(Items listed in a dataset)
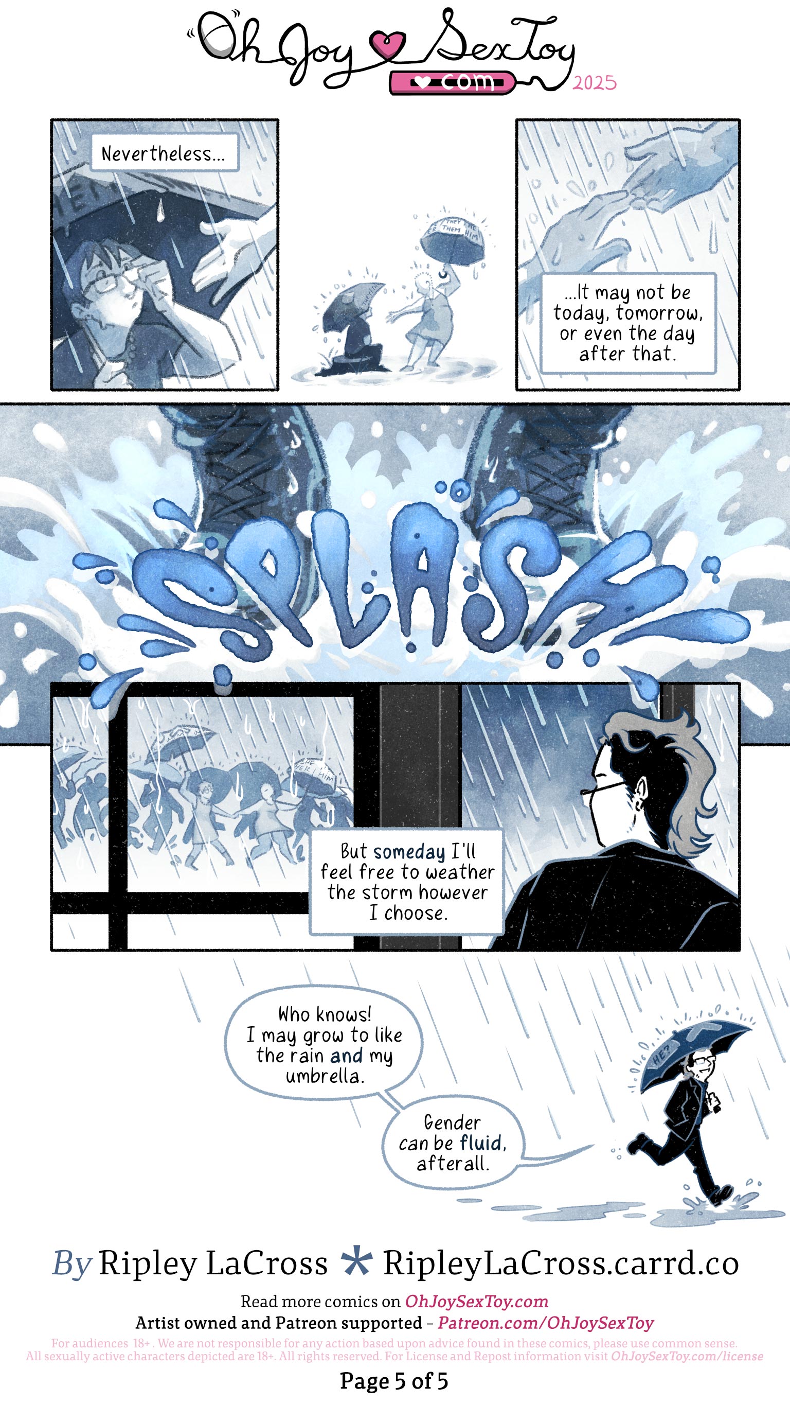 Once again, all panel borders disappear, revealing a blank white page as a small Ripley briskly struts through the shallow puddles to the far right side of the page. The rain continues, but Ripley looks confident under their umbrella. "Who knows!" They say to us with a smile. "I may grow to like the rain and my umbrella. Gender can be fluid, afterall."
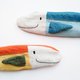 Each tuna is handmade with quality cotton and linen fabrics with hand-embroidered detailing. A zipper closure at the top of the body unzips to reveal the interior to hold your personal cutlery set.
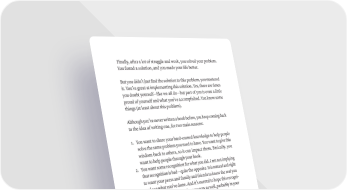 Finally, after a lot of struggle and work, you solved your problem. You found a solution, and you made your life better. But you didn’t just find the solution to this problem, you mastered it. You’re great at implementing this solution. Yes, there are times you doubt yourself—like we all do—but part of you is even a little proud of yourself and what you’ve accomplished. You know some things (at least about this problem). Although you’ve never written a book before, you keep coming back to the idea of writing one, for two main reasons: 1. You want to share your hard-earned knowledge to help people solve the same problem you used to have. You want to give this wisdom back to others, so it can impact them. Basically, you want to help people through your book. 2. You want some recognition for what you did. I am not implying that recognition is bad—quite the opposite. It is natural and right to want your peers and family and friends to know the real you and see what you’ve done. And it’s normal to hope this recogni- tion will actually help you in some way as well, probably in your career (and maybe even in your personal life, too). I’d bet you’ve been thinking about writing a book for a while. You’ve probably had people saying, “you should write a book” to you long before now. But you didn’t acknowledge it, because the next step—writing the book—was too scary. After all, you don’t know where to start, or how to structure your book, or if your book idea is good enough, or if you have enough to say, or if anyone will care once you write it. And there’s the worst fear of all, the one you don’t want to talk about, but always lingers. 10 · ThE SCriBE METhOD
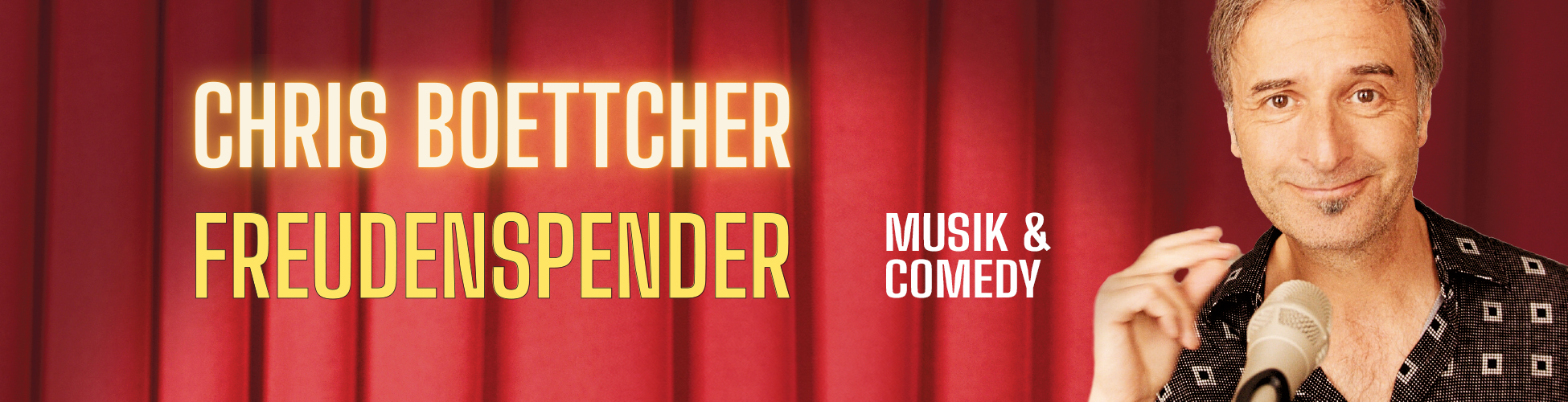 <p style="text-align:justify">Chris Boettcher, der wohl vielseitigste bayerische Musik- und Comedy-Entertainer präsentiert seine neue Show:</p> <p style="text-align:justify">FREUDENSPENDER</p> <p style="text-align:justify">„Das Leben ist das was Dir passiert, während Du dabei bist, ganz andere Pläne zu schmieden!“ John Lennon</p> <p style="text-align:justify">Tja, man braucht für's Leben schon eine geballte Dosis Humor. Und die gibts jetzt: als schnell wirksames Wohlfühl-Destillat in hochdosierter Konzentration, Gratis-Zwerchfell-Massage inbegriffen.</p> <p style="text-align:justify">Kooperation zwischen dem ACKER Event Forum und freilicht e.V. – Genießen Sie gemeinsam mit uns einen lustigen Kabarett-Abend.</p> <h4><br /> Tickets</h4> <p>Direkt unter <a href="https://www.theos-tickets.de/de/" tabindex="-1">www.theos-tickets.de</a> oder vor Ort an der <strong>Rezeption des Acker Hotels </strong>und <strong>Ideenquell, Rosenstraße 12 in Neuburg an der Donau</strong></p> <h4><br /> Einlass</h4> <p>ab 19:00 Uhr</p>
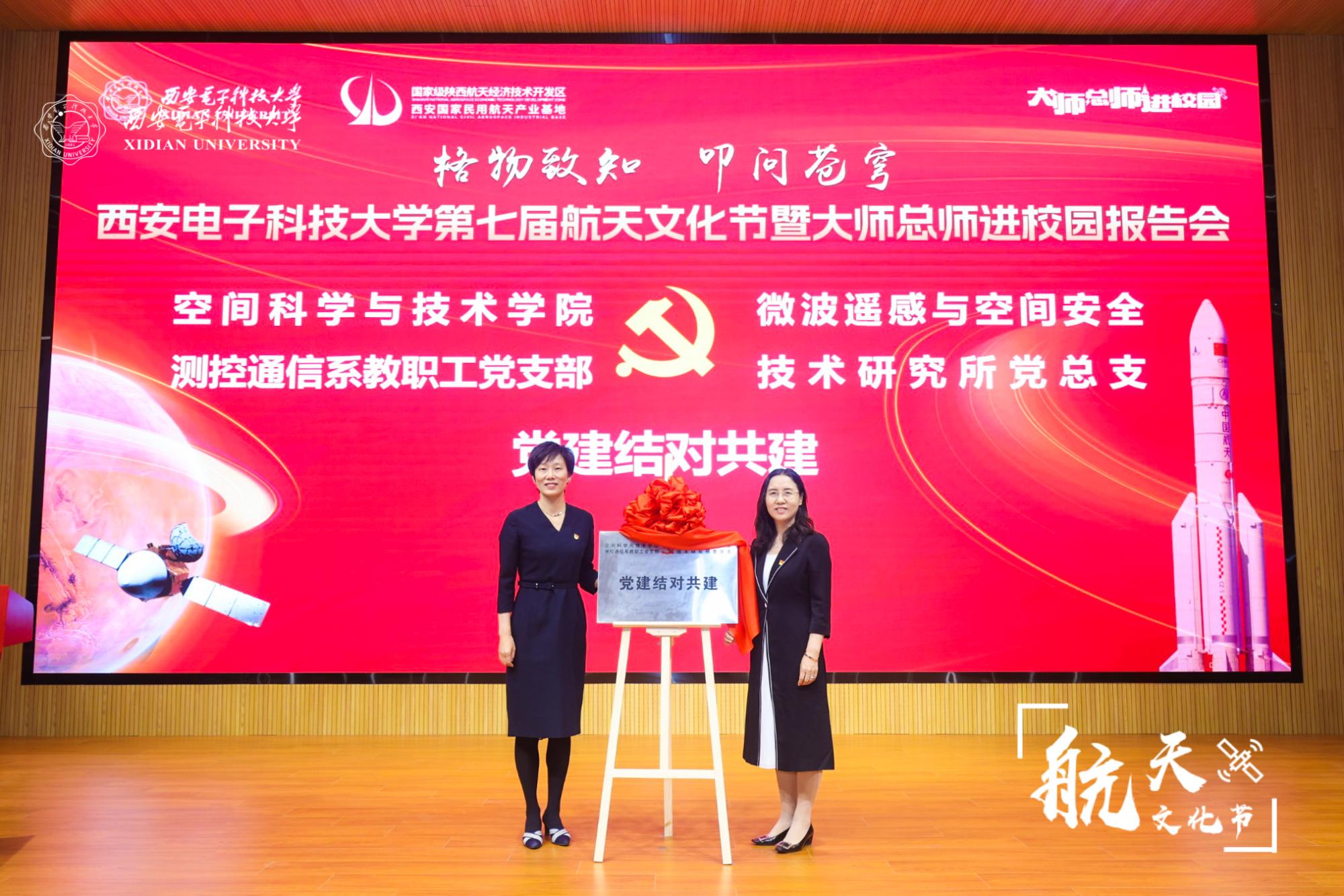 航天科技集团五院西安分院微波遥感与空间安全技术研究所党总支书记杨莉研究员与fun88官网体育测控通信系教职工党支部书记李小平教授共同为“党建结对共建”揭牌。
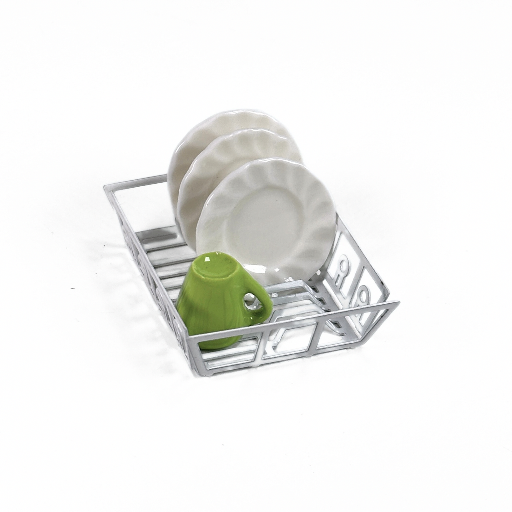 Der Wichtel hat normalerweise keine Spülmaschine sondern spült per Hand. Dazu braucht er natürlich ein Abtropfgestell, um seine Teller, Tassen und Besteck abtropfen zu lassen.
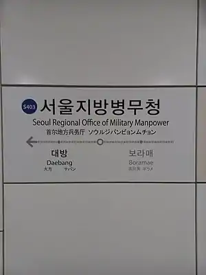 Seoul Regional Office of Military Manpower Station is a station on the Sillim Line. It is located in Daebang-dong, Dongjak-gu, Seoul.
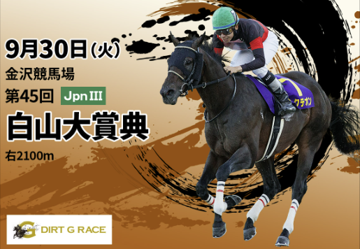 9月30日(火)金沢競馬場で行われる【第45回白山大賞典】をDASHよかわで発売いたします。17:05発走予定 レース番号は第10Rです。地方競馬の熱きレースにご期待ください。皆様のご来場お待ちしております。
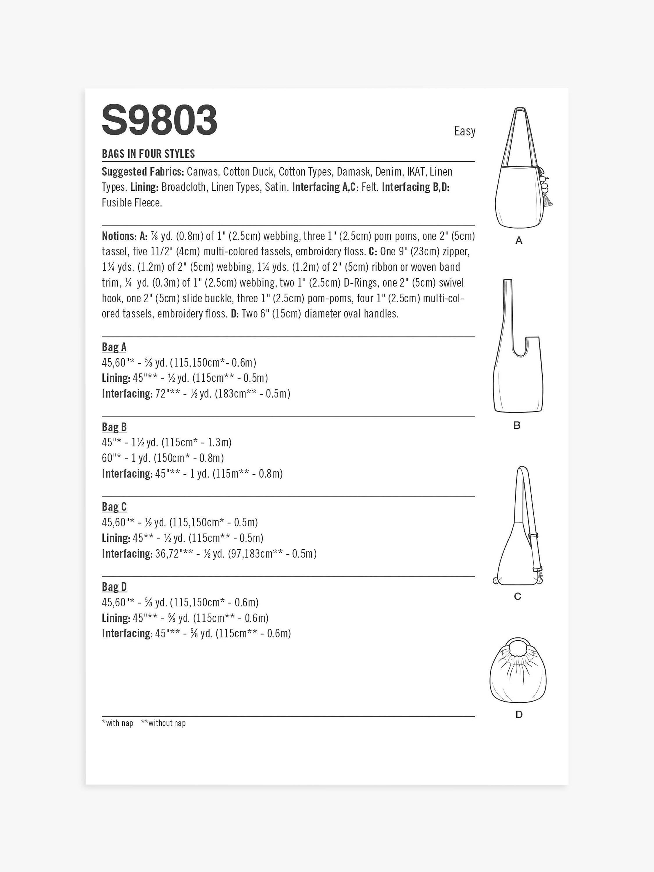 SimplicityBags Sewing Pattern, S9803
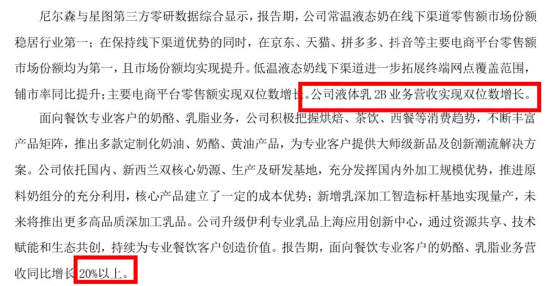 伊利2025年半年報(bào)數(shù)據(jù)顯示,伊利B端業(yè)務(wù)營(yíng)收占比增長(zhǎng)20%以上。
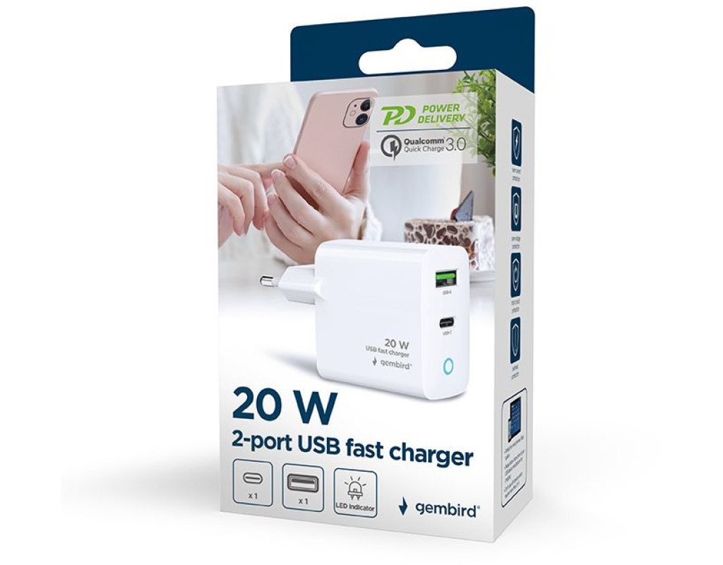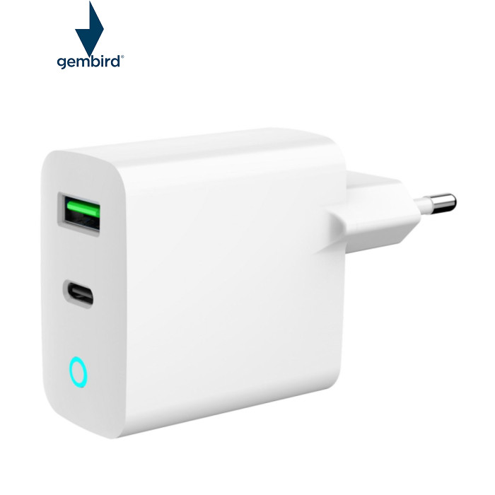 | Зарядний пристрій Gembird 1xUSB-A + 1 Type-C (PD20Вт + QC3.0 18Вт) у вишуканому білому кольорі (TA-UC-PDQC20L-W-01) — це ідеальний вибір для тих, хто шукає ефективність та надійність. Цей адаптер відрізняється своєю універсальністю та здатністю забезпечити швидку зарядку для різноманітних пристроїв, включаючи екшн-камери, TWS навушники та смартфони. Оснащений двома портами — USB Type-C і USB-A, цей пристрій здатний надавати вражаючу потужність до 20 Вт через Type-C з підтримкою технології PowerDelivery, що значно скорочує час підзарядки. Порт USB-A, у свою чергу, забезпечує швидкість зарядки до 18 Вт завдяки використанню технології Quick Charge 3.0. Зарядний пристрій включає в себе функцію інтелектуального захисту, яка оберігає ваші пристрої від перевантажень, перенапруги, коротких замикань та перегріву. Це гарантує безпеку та надійність під час користування. Додатковою перевагою є зручний світлодіодний індикатор, який показує стан заряджання, що робить процес підзарядки простим і зрозумілим. З максимальним вихідним струмом у 3 А, цей зарядний пристрій є потужним інструментом для тих, хто цінує якість та надійність. |
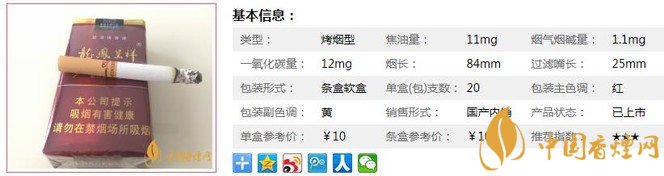 類型 :烤煙型 焦油量 :11mg 煙氣煙堿量 :1.1mg 一氧化碳量 :12mg
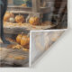 Um belo Labrador Retriever negro senta-se em frente a uma cabana acolchoada na floresta no outono
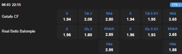 Dù Getafe vừa thắng Real Madrid, nhưng trước một Betis chơi kỷ luật và đầy già rơ dưới thời Pellegrini, chủ nhà sẽ khó lòng có được trọn vẹn niềm vui. Với tỷ lệ kèo đồng banh (0), lựa chọn Real Betis với bản lĩnh sân khách đang lên cao là phương án an toàn hơn.
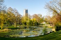 Vijver in het stadspark met wolkenkrabber in Essen Ruhrgebied

PROBLEM TO WORK ON: All of the data gets printed again exactly; the pictures do not.

EXERCISE RESULT:
 Once again, all panel borders disappear, revealing a blank white page as a small Ripley briskly struts through the shallow puddles to the far right side of the page. The rain continues, but Ripley looks confident under their umbrella. "Who knows!" They say to us with a smile. "I may grow to like the rain and my umbrella. Gender can be fluid, afterall."
 Each tuna is handmade with quality cotton and linen fabrics with hand-embroidered detailing. A zipper closure at the top of the body unzips to reveal the interior to hold your personal cutlery set.
 Finally, after a lot of struggle and work, you solved your problem. You found a solution, and you made your life better. But you didn’t just find the solution to this problem, you mastered it. You’re great at implementing this solution. Yes, there are times you doubt yourself—like we all do—but part of you is even a little proud of yourself and what you’ve accomplished. You know some things (at least about this problem). Although you’ve never written a book before, you keep coming back to the idea of writing one, for two main reasons: 1. You want to share your hard-earned knowledge to help people solve the same problem you used to have. You want to give this wisdom back to others, so it can impact them. Basically, you want to help people through your book. 2. You want some recognition for what you did. I am not implying that recognition is bad—quite the opposite. It is natural and right to want your peers and family and friends to know the real you and see what you’ve done. And it’s normal to hope this recogni- tion will actually help you in some way as well, probably in your career (and maybe even in your personal life, too). I’d bet you’ve been thinking about writing a book for a while. You’ve probably had people saying, “you should write a book” to you long before now. But you didn’t acknowledge it, because the next step—writing the book—was too scary. After all, you don’t know where to start, or how to structure your book, or if your book idea is good enough, or if you have enough to say, or if anyone will care once you write it. And there’s the worst fear of all, the one you don’t want to talk about, but always lingers. 10 · ThE SCriBE METhOD
 <p style="text-align:justify">Chris Boettcher, der wohl vielseitigste bayerische Musik- und Comedy-Entertainer präsentiert seine neue Show:</p> <p style="text-align:justify">FREUDENSPENDER</p> <p style="text-align:justify">„Das Leben ist das was Dir passiert, während Du dabei bist, ganz andere Pläne zu schmieden!“ John Lennon</p> <p style="text-align:justify">Tja, man braucht für's Leben schon eine geballte Dosis Humor. Und die gibts jetzt: als schnell wirksames Wohlfühl-Destillat in hochdosierter Konzentration, Gratis-Zwerchfell-Massage inbegriffen.</p> <p style="text-align:justify">Kooperation zwischen dem ACKER Event Forum und freilicht e.V. – Genießen Sie gemeinsam mit uns einen lustigen Kabarett-Abend.</p> <h4><br /> Tickets</h4> <p>Direkt unter <a href="https://www.theos-tickets.de/de/" tabindex="-1">www.theos-tickets.de</a> oder vor Ort an der <strong>Rezeption des Acker Hotels </strong>und <strong>Ideenquell, Rosenstraße 12 in Neuburg an der Donau</strong></p> <h4><br /> Einlass</h4> <p>ab 19:00 Uhr</p>
 航天科技集团五院西安分院微波遥感与空间安全技术研究所党总支书记杨莉研究员与fun88官网体育测控通信系教职工党支部书记李小平教授共同为“党建结对共建”揭牌。
 Der Wichtel hat normalerweise keine Spülmaschine sondern spült per Hand. Dazu braucht er natürlich ein Abtropfgestell, um seine Teller, Tassen und Besteck abtropfen zu lassen.
 Seoul Regional Office of Military Manpower Station is a station on the Sillim Line. It is located in Daebang-dong, Dongjak-gu, Seoul.
 9月30日(火)金沢競馬場で行われる【第45回白山大賞典】をDASHよかわで発売いたします。17:05発走予定 レース番号は第10Rです。地方競馬の熱きレースにご期待ください。皆様のご来場お待ちしております。
 SimplicityBags Sewing Pattern, S9803
 伊利2025年半年報(bào)數(shù)據(jù)顯示,伊利B端業(yè)務(wù)營(yíng)收占比增長(zhǎng)20%以上。
 | Зарядний пристрій Gembird 1xUSB-A + 1 Type-C (PD20Вт + QC3.0 18Вт) у вишуканому білому кольорі (TA-UC-PDQC20L-W-01) — це ідеальний вибір для тих, хто шукає ефективність та надійність. Цей адаптер відрізняється своєю універсальністю та здатністю забезпечити швидку зарядку для різноманітних пристроїв, включаючи екшн-камери, TWS навушники та смартфони. Оснащений двома портами — USB Type-C і USB-A, цей пристрій здатний надавати вражаючу потужність до 20 Вт через Type-C з підтримкою технології PowerDelivery, що значно скорочує час підзарядки. Порт USB-A, у свою чергу, забезпечує швидкість зарядки до 18 Вт завдяки використанню технології Quick Charge 3.0. Зарядний пристрій включає в себе функцію інтелектуального захисту, яка оберігає ваші пристрої від перевантажень, перенапруги, коротких замикань та перегріву. Це гарантує безпеку та надійність під час користування. Додатковою перевагою є зручний світлодіодний індикатор, який показує стан заряджання, що робить процес підзарядки простим і зрозумілим. З максимальним вихідним струмом у 3 А, цей зарядний пристрій є потужним інструментом для тих, хто цінує якість та надійність. |
 類型 :烤煙型 焦油量 :11mg 煙氣煙堿量 :1.1mg 一氧化碳量 :12mg
 Um belo Labrador Retriever negro senta-se em frente a uma cabana acolchoada na floresta no outono
 Dù Getafe vừa thắng Real Madrid, nhưng trước một Betis chơi kỷ luật và đầy già rơ dưới thời Pellegrini, chủ nhà sẽ khó lòng có được trọn vẹn niềm vui. Với tỷ lệ kèo đồng banh (0), lựa chọn Real Betis với bản lĩnh sân khách đang lên cao là phương án an toàn hơn.
 Vijver in het stadspark met wolkenkrabber in Essen Ruhrgebied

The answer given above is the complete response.